I really liked your post.

I would like to ask you something. Running a logistic regression where the dependent variable can only take two values, does the result change if the event is ‘A’ or ‘B’ as in the efficiency of the model and the interpretation?

Thank you very much,

Claire

Hi Claire

The signs of the parameters change, and the OR of one is the inverse of the other, but the meaning, efficiency etc. will be identical

Peter

Hi Peter,

Your post is very useful.

I have a query. I’m building a model using PROC LOGISTIC at the moment and I want to score each of the level in every characteristic without any reference level. Is there any way that I could get the result I want using SAS?

Thank you

Aida

You need to have SOME reference level for a categorical variable.

Peter

Hi Peter,

Great post, it’s very helpful.

I have a query. In a logistic model for data with more than one observation per individual the SAS code I’m runnig is able to estimate the parameters for time-variant variables but failure for time-invariant one’s wich are removed, according to SAS notes, “because of its redundancy”. It’s possible to obtain those parameters, wich option shoul I call in the PROC LOGISTIC statement? Than you.

Daniel

Are you sure that you need some reference level for the variable if you are effect coding? While it’s useful to compare categories to the grand mean, it seems problematic that an entire category has to be eliminated. At least with dummy coding, you can compare the other categories to the reference to get a sense of how the reference category impacts the outcome in relation to other categories, but with effect coding, you have no idea about the impact of the reference category whatsoever it seems.

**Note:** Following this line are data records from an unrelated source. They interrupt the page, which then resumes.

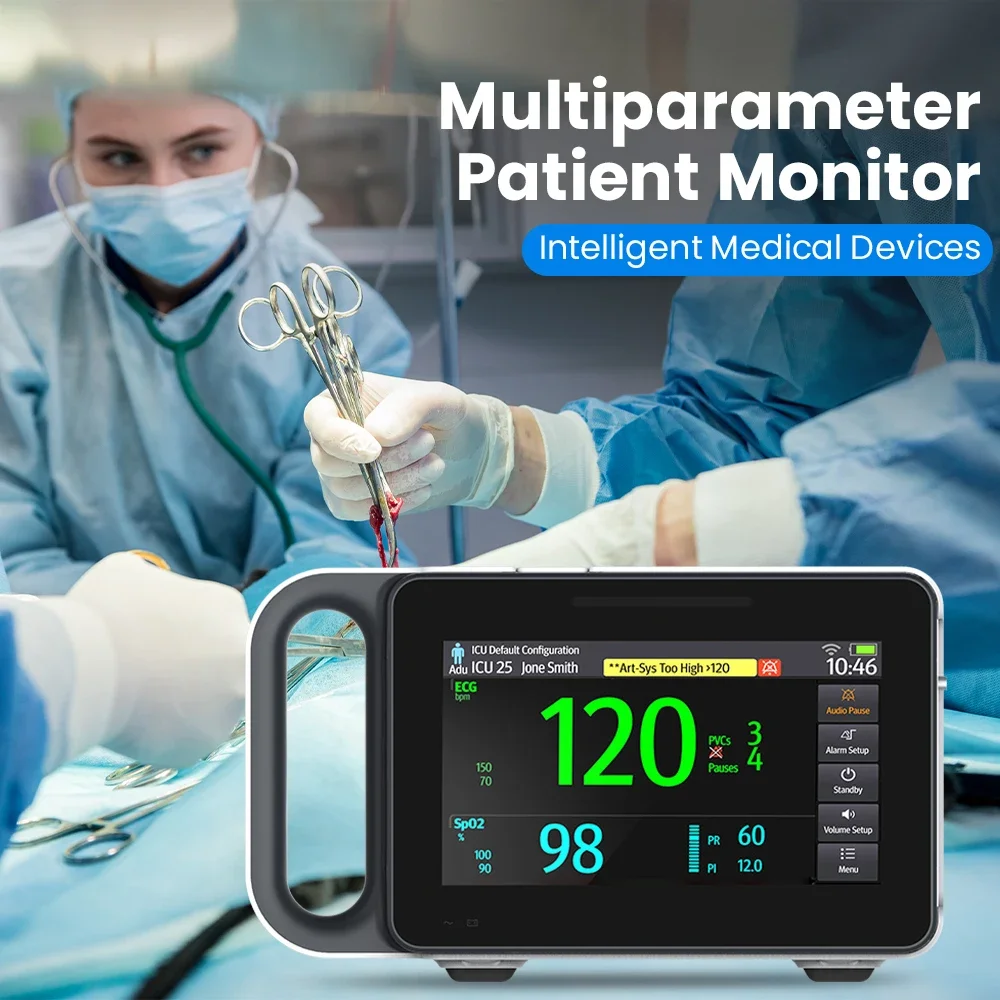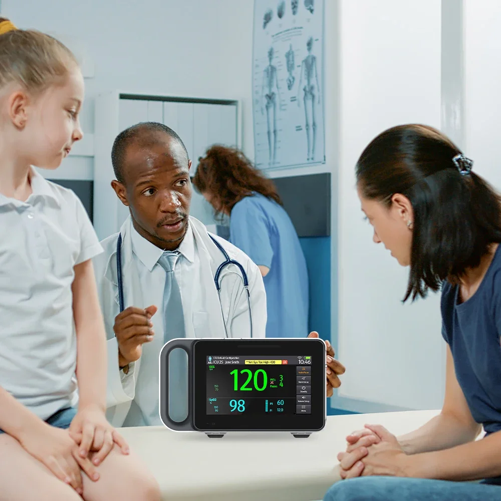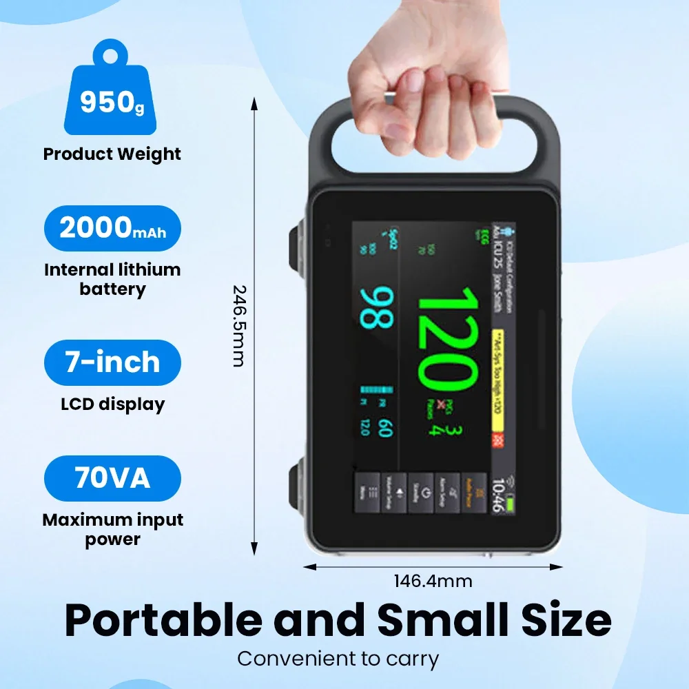 E7A Monitor de paciente médico de uso humano multiparámetro TFT Pantalla táctil de 7 pulgadas Monitor de señales vitales portátiles SPO2 NIBP PR TEMP ECG, este monitor de paciente de pantalla táctil portátil tiene abundantes funciones, que se pueden utilizar para el seguimiento de adultos, pediátricos y recién nacidos.Está alimentado por 100 V-240 V~ 50 Hz/60 Hz.Los usuarios pueden seleccionar diferentes configuraciones de parámetros según los requisitos.Muestra datos y formas de onda en tiempo real mediante una pantalla LCD TFT en color de 7''.
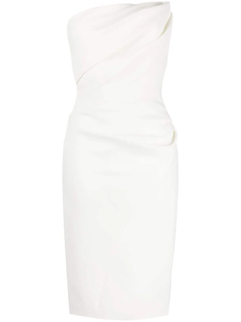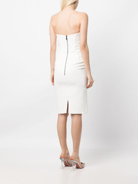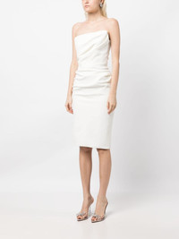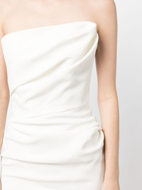 draped bodice dress Highlights - Ivory white - Stretch-silk - Draped design - Bandeau style - Rear zip fastening - Central rear vent - Mid-length Imported Composition Body: Polyester 100% Lining: Silk 93%, Elastane 7% SIZE & FIT Model measurements Height 5 ft 9 in(1.76 m) Bust/Chest 31.1 in(79 cm) Hips 35.03 in(89 cm) Waist 24.4 in(62 cm) FittingInformation Designed for a close fit throughout Made from a midweight non-stretch fabric This piece fits true to size – those with curvy hips may wish to take one size up Washing instructions Dry Clean Only
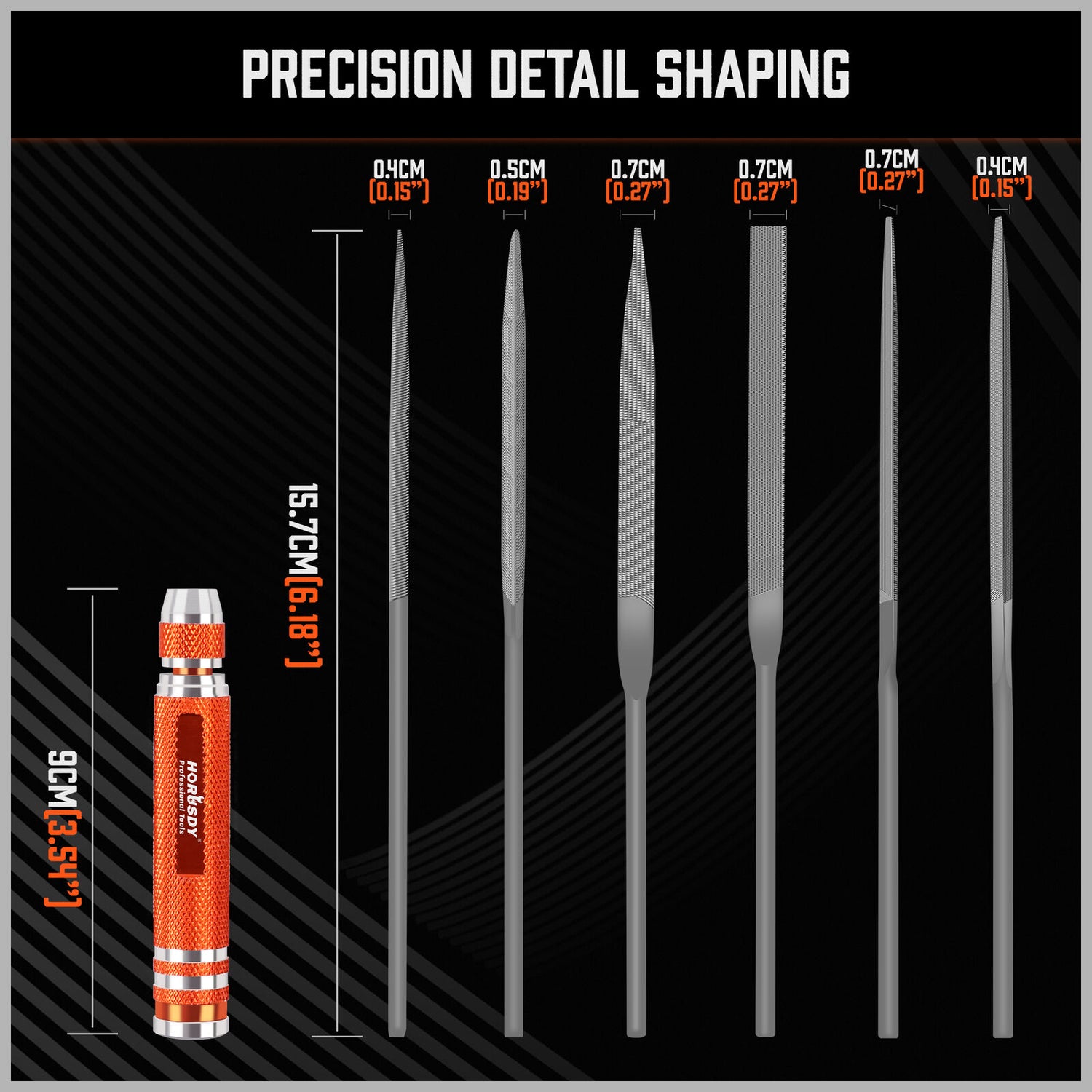 7Pc Mini Needle File Set with Interchangeable Handle - 157mm Long, Ideal for Wood and Metal Carving
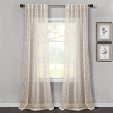 Our Farmhouse Textured Sheer Back Tab Rod Pocket Window Curtain Panel Set is available in multiple neutral color options to easily match your space. Each panel is 38 inches wide and 84 inches long. This curtain style is sold by the pair, so you will receive two panels per order. More color and size options are available in the grommet style.
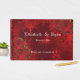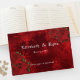Lindo livro de registro de convidados que tem convites e cartões de RSVP correspondentes. Vermelho profundo de Natal com flocos de neve monocromáticos e flores de Poinsettia vermelhas. Personalize o texto e a fonte de acordo com suas especificações.

Is there another way to do this?

Hi Jennifer

Good point.

If you look at the SAS documentation it says that the REF = option specifies the reference for effect or dummy coding. Where I went a bit wrong is in my description of effect coding. It should be that, when effect coding is used, the constant is equal to the grand mean and the coefficients of each of the other levels is equal to the difference between the mean of the group coded 1 and the grand mean. This still seems a very unintuitive way to do things.